Натаниель Готорн - Алая буква (сборник) Страница 37
- Категория: Проза / Проза
- Автор: Натаниель Готорн
- Год выпуска: -
- ISBN: -
- Издательство: -
- Страниц: 117
- Добавлено: 2019-08-08 15:31:37
Натаниель Готорн - Алая буква (сборник) краткое содержание
Прочтите описание перед тем, как прочитать онлайн книгу «Натаниель Готорн - Алая буква (сборник)» бесплатно полную версию:Грешница, блудница, прелюбодейка! Пуританские нравы не знают пощады, и за измену мужу молодая Эстер Принн приговорена к позорному столбу. До конца своих дней она обречена носить на одежде алую букву – знак бесчестия. Муж Эстер не в силах ее простить. Он решает во что бы то ни стало узнать, кто является отцом ребенка, и отомстить…В издание также вошел роман «Дом с семью шпилями».

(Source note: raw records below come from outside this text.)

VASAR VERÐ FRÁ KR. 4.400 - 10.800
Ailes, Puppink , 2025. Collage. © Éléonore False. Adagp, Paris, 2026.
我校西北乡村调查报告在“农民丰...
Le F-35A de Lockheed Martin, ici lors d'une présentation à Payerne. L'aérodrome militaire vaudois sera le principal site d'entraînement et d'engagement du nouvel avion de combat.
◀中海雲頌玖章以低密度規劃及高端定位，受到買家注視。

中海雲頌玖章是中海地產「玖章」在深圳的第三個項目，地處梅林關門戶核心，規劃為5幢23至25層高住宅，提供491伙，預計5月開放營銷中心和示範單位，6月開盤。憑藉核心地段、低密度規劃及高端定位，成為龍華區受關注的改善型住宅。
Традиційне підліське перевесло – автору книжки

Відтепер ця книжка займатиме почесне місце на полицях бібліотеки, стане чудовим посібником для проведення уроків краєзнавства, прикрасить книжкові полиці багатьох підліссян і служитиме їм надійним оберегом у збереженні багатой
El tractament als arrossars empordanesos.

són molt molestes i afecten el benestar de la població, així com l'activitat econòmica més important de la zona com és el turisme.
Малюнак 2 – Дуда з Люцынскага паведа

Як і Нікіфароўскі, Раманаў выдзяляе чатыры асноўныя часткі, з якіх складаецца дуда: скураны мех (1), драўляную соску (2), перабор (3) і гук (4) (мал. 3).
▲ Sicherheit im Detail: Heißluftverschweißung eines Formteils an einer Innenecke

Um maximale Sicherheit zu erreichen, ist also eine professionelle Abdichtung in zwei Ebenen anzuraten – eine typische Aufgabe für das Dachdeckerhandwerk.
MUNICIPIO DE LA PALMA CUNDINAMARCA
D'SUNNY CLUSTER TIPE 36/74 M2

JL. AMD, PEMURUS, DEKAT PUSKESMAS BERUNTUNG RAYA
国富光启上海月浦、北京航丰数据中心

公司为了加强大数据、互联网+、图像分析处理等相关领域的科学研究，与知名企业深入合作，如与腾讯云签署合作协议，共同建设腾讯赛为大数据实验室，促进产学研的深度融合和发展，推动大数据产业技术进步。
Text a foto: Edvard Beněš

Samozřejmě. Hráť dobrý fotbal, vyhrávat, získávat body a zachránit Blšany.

Натаниель Готорн - Алая буква (сборник) читать онлайн бесплатно
Последним ее занятием был сбор водорослей различных видов, из которых девчушка плела себе шарф или мантию и тиару, придававшую ей облик маленькой русалки. В сотворении украшений и костюмов она унаследовала талант своей матери. Последним штрихом к одеянию русалки стала морская трава, из которой Перл со всей доступной ей точностью повторила на собственной груди рисунок, что был ей так привычен по платью матери. Буква – буква «А» – была пронзительно зеленой, а не алой. Девочка опустила голову и со странным интересом уставилась на это украшение, словно оно было единственной вещью, ради которой она была послана в мир, с целью выяснить скрытое значение символа.

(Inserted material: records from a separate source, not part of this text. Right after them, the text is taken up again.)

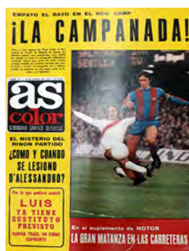
Figura 16. As-Color (Madrid, 10 gener 1978)
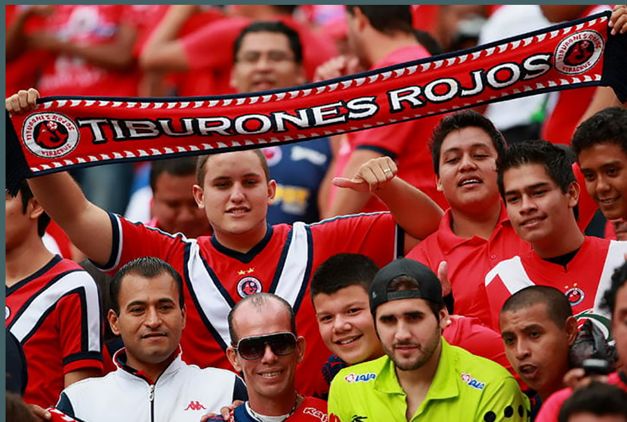
Figura 1. Las barras bravas son un ejemplo de fenómeno subcultural introducido en México (tomado de: https://www.elsiglodetorreon.com.mx/noticia/2013/aficionado-compone-cancion-para-los-tiburones-rojos.html ).

En relación con la idea que se argumentó en el párrafo anterior, me cuestiono si ¿realmente los grupos sociales han creado una identidad propia o solamente copian y adaptan lo que otros hacen y lo marcan como
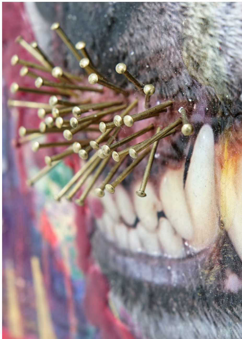
Jan R. Faust, Sans titre (détail), 2024
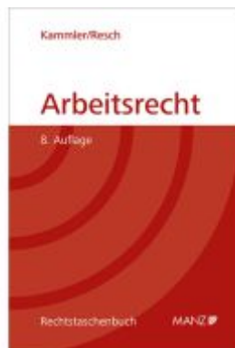
Arbeitsrecht Ladenpreis: 54,30EUR
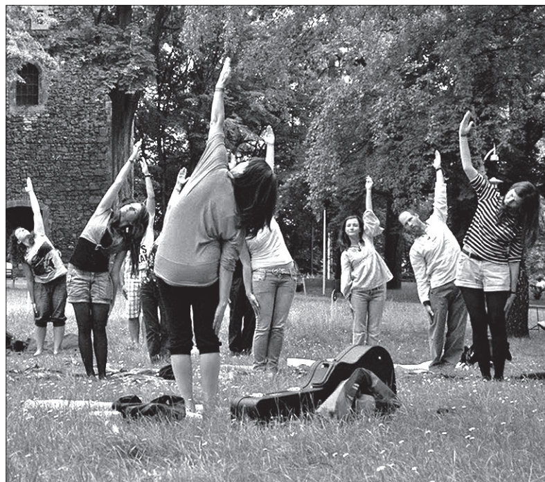
Niecodzienny widok – joga przed Wieżą Piastowską.
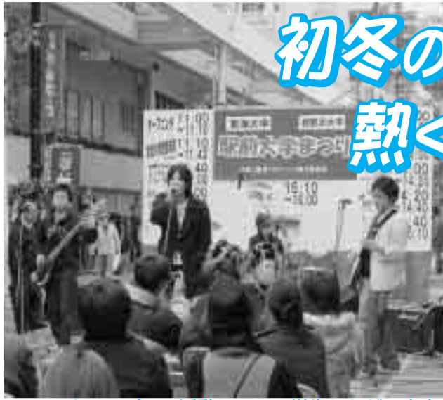
日ごろキャンパスで活動している学生たちが、商店街に飛び出します

駅北口中心商店街に飾り付けられるイルミネーションが、冬の街角を彩ります。期間中、「湘南ひらつかの文化や文芸の伝承」をテーマに、様々なイベントを開きます。
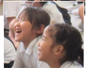
読み聞かせを心から楽しんでます
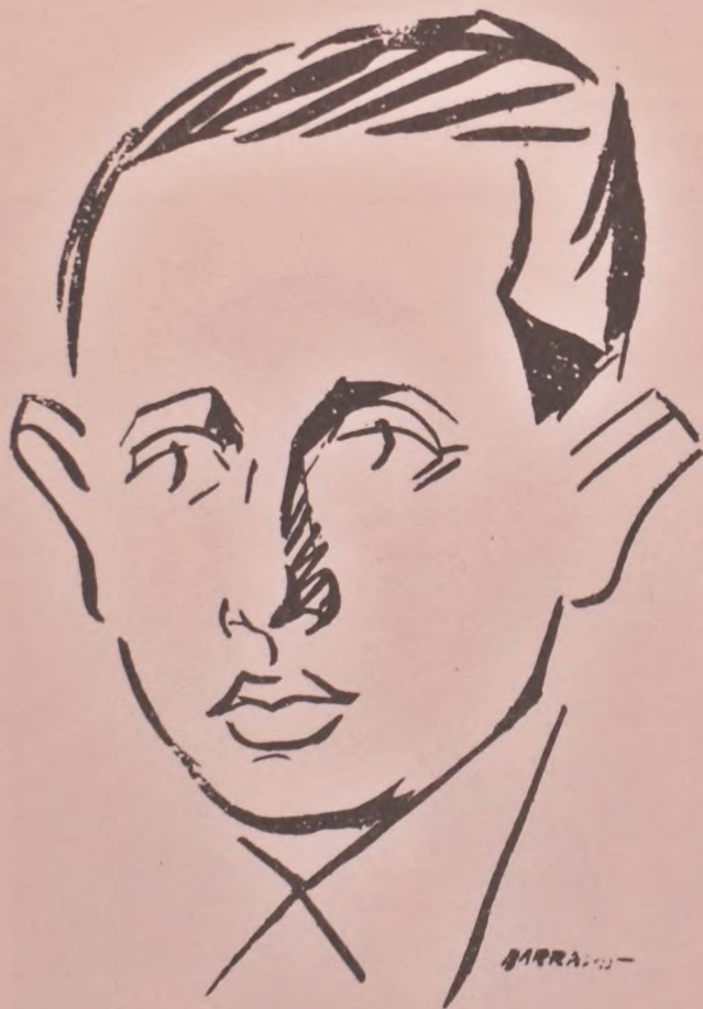
GUILLERMO DE TORRE POR BARRADAS
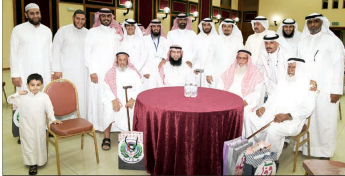
رئيس وأعضاء مجلس الإدارة مع مجموعة من المكرمين

آباءنا وامهاتنا. لافتا إلى أن النبي ﷺ قال «من أجل الله أكرام كل ذي شعبة في الإسلام وحامل القرآن كان يتم في السابق إعناق العبد إذا كبر في السن، وقد سئل النبي ﷺ عن الشيب فقال «هو نور المسلم»، وقال أيضا «من شاب في الإسلام شعبة كتب له كل يوم حسنة وحط عنه سيئة»، وقال مشيرا إلى أن جمعية علي صباح السالم مميزة من خلال برامجها والمسابقات التي تطلقها والخدمات والمهرجانات التسويقية ولن نرضى بأقل من هذا المستوى المتقدم.
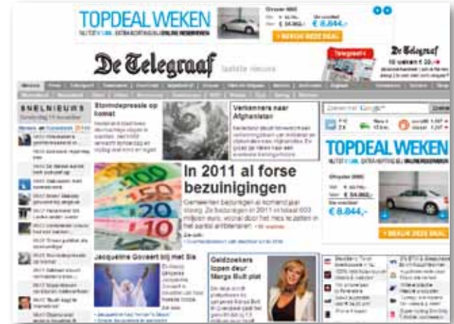
Full Roadblock (exclusief claimen van 3 posities)

– Интересно, спросит ли мама, что это значит? – думала Перл.
И в тот же миг раздался голос ее матери, на который Перл помчалась с легкостью и скоростью морской птички, чтобы предстать перед Эстер Принн, танцуя и указывая пальцем на украшение из водорослей на груди.

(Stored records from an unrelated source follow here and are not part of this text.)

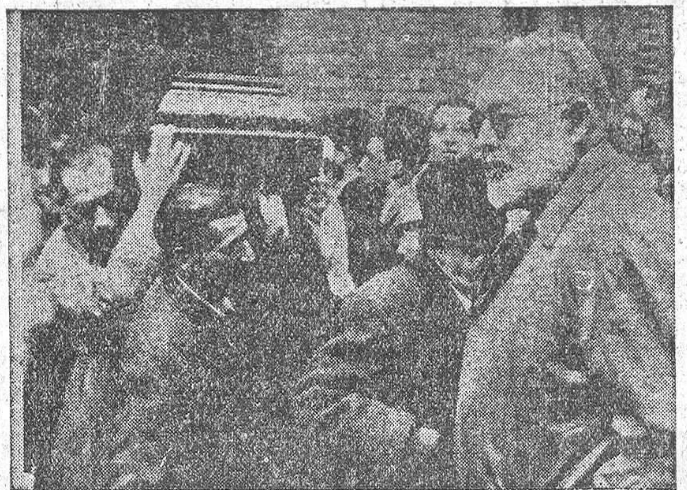
El gran novelista norteamericano Ernesto Hemingway en el traslado de los restos de Pio Baroja.

«Alma, si eres compasiva, a tu puerta hemos llegado a pedir una limosna que Cristo nos ha enviado; si ahora que tienes no das, cuando quieras no podrás. Si San Jerónimo fuera para poder explicar lo que padecen las almas que en el Purgatorio están... Qué fuera, si año a me vieras entre tanto fuego arder, qué digencias no harías por no vernos padecer...»
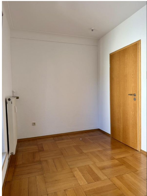
Schlaf- oder Arbeitszimmer
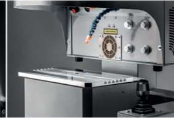
XYZ motorized table Tavola motorizzata a tre assi
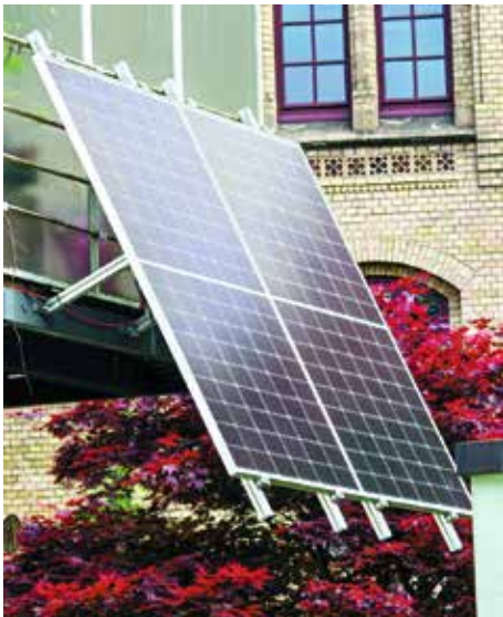
Ein Solapanel passt an (fast) jeden Balkon

■ Das geht natürlich nicht! Die Klimaerwärmung und das Artensterben haben ein solches Maß erreicht, dass ein grundlegender Wandel unserer Lebensweise erforderlich ist, um unseren Planeten lebenswert zu erhalten. Dafür ist die Politik gefordert. Sie muss die Rahmenbedingungen schaffen. Aber neben den dringend notwendigen Aktivitäten der Politik gibt es viele Schritte, die jeder von uns tun kann, um dem Klima und der Umwelt ein Stück zu helfen. Wir haben daher in unseren letzten Ausgaben (Sie finden sie unter https://www.spd-braunschweig.de/ortsvereine/ortsverein-oestliches-ringgebiet/ ) eine Reihe begonnen, in der wir jeweils Anregungen für ein umweltbewusstes Verhalten zusammentragen.
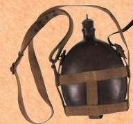
陸軍の軍曹が使っていた水筒 （岡山空襲展示室 所蔵）
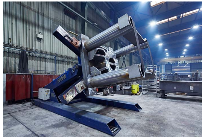
Bild 4: Auf dem Drehtisch bearbeitet Jebens bis zu 35 Tonnen schwere Baugruppen.

Gerne senden wir Ihnen diese oder weitere Motive in druckfähiger Auflösung per E-Mail.
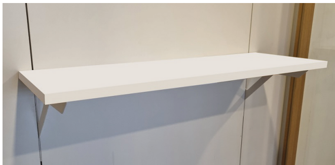
Ablageboden mit Schwerlastkonsole, Typ 2

Einhänge-Regal bestehend aus zwei Schrägkonsolen und einem Regalboden 25 mm
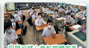
同學可將心意包敬贈家長，表達謝意。

– Моя маленькая Перл, – сказала Эстер после минутного молчания, – зеленая буква на твоей детской груди не имеет смысла. Но знаешь ли ты, дитя мое, что означает эта буква, которую обречена носить твоя мать?
– Да, мама, – ответила девочка. – Это заглавная буква «А». Ты показывала мне ее в букваре.
Эстер внимательно всматривалась в детское личико, но, хотя и видела в нем то самое странное выражение, что часто появлялось в черных глазах Перл, все же не могла решить, действительно ли девочка вкладывает иное значение в этот символ. Ей отчаянно захотелось прояснить этот вопрос.
– Знаешь ли ты, дитя мое, почему твоя мать носит эту метку?
– Конечно же, знаю! – ответила Перл, весело глядя в лицо своей матери. – По той же причине, по которой священник прижимает руку к своему сердцу!
– И что же это за причина? – спросила Эстер, почти улыбнувшись абсурдной нелепости детского наблюдения, но, вдумавшись, побледнела.
– Но как эта буква может быть связана с чьим-то сердцем, кроме моего?
– Нет, мама, я уже сказала тебе все, что знаю, – ответила Перл с большей серьезностью, чем обычно была ей свойственна. – Спроси того старика, с которым ты говорила, – может быть, он расскажет больше. А сейчас, мамочка, ты объясни мне, что значит эта алая буква? И почему ты постоянно носишь ее на груди? И почему священник прижимает руку к сердцу?
Она обеими руками взяла ладонь матери и теперь заглядывала в ее глаза с искренностью, что редко проявлялась в диком и капризном детском характере. Эстер тогда показалось, что дитя может действительно искать к ней подход со всей присущей детству доверчивостью и делает все возможное столь разумно, словно знает истинный путь к установлению взаимного понимания. Это желание сквозило в каждой черточке Перл. До сих пор мать, любившая свое дитя со всей силой единственной оставшейся ей страсти, привыкла не ждать в ответ на любовь ничего большего, чем переменчивость апрельского ветра, который все время проводит в движении, то срываясь в порыв неожиданной любви, если на него находит хорошее настроение, то, куда чаще, обдает холодом грудь; то целует, вознаграждая за терпение к своим капризам или по иной непонятной причине, и, вложив в поцелуй сомнительную нежность, принимается мягко играть с волосами, а затем уносится прочь по своим детским делам, оставляя в сердце лишь мечтательное удовольствие. И ведь подобным образом мать воспринимала свое дитя! Любой иной наблюдатель мог бы заметить несколько более неприятных черт и придать им куда более темный оттенок. Но пока что у Эстер возникла идея, что Перл, с ее поразительно ранним развитием и острым умом, уже могла достичь возраста, когда способна стать подругой своей матери и ей можно доверить ту часть материнских печалей, которая не вызовет непочтения ни к матери, ни к ребенку. В том маленьком хаосе, что представлял собой характер Перл, с самого начала можно было различить стойкие принципы и непоколебимую смелость, неукротимую волю и упрямую гордость, что могла бы со временем вырасти в самоуважение, а также горькое отвращение ко многим вещам, которые при ближайшем рассмотрении оказывались вместилищем некой фальши. Она обладала и привязанностями, порой раздражающими и неприемлемыми, как острый вкус недозрелых плодов. При всех этих чистых качествах, думала Эстер, зло, унаследованное ею от матери, может вызреть в нечто ужасное, если только из эльфийского ребенка не вырастить достойную женщину.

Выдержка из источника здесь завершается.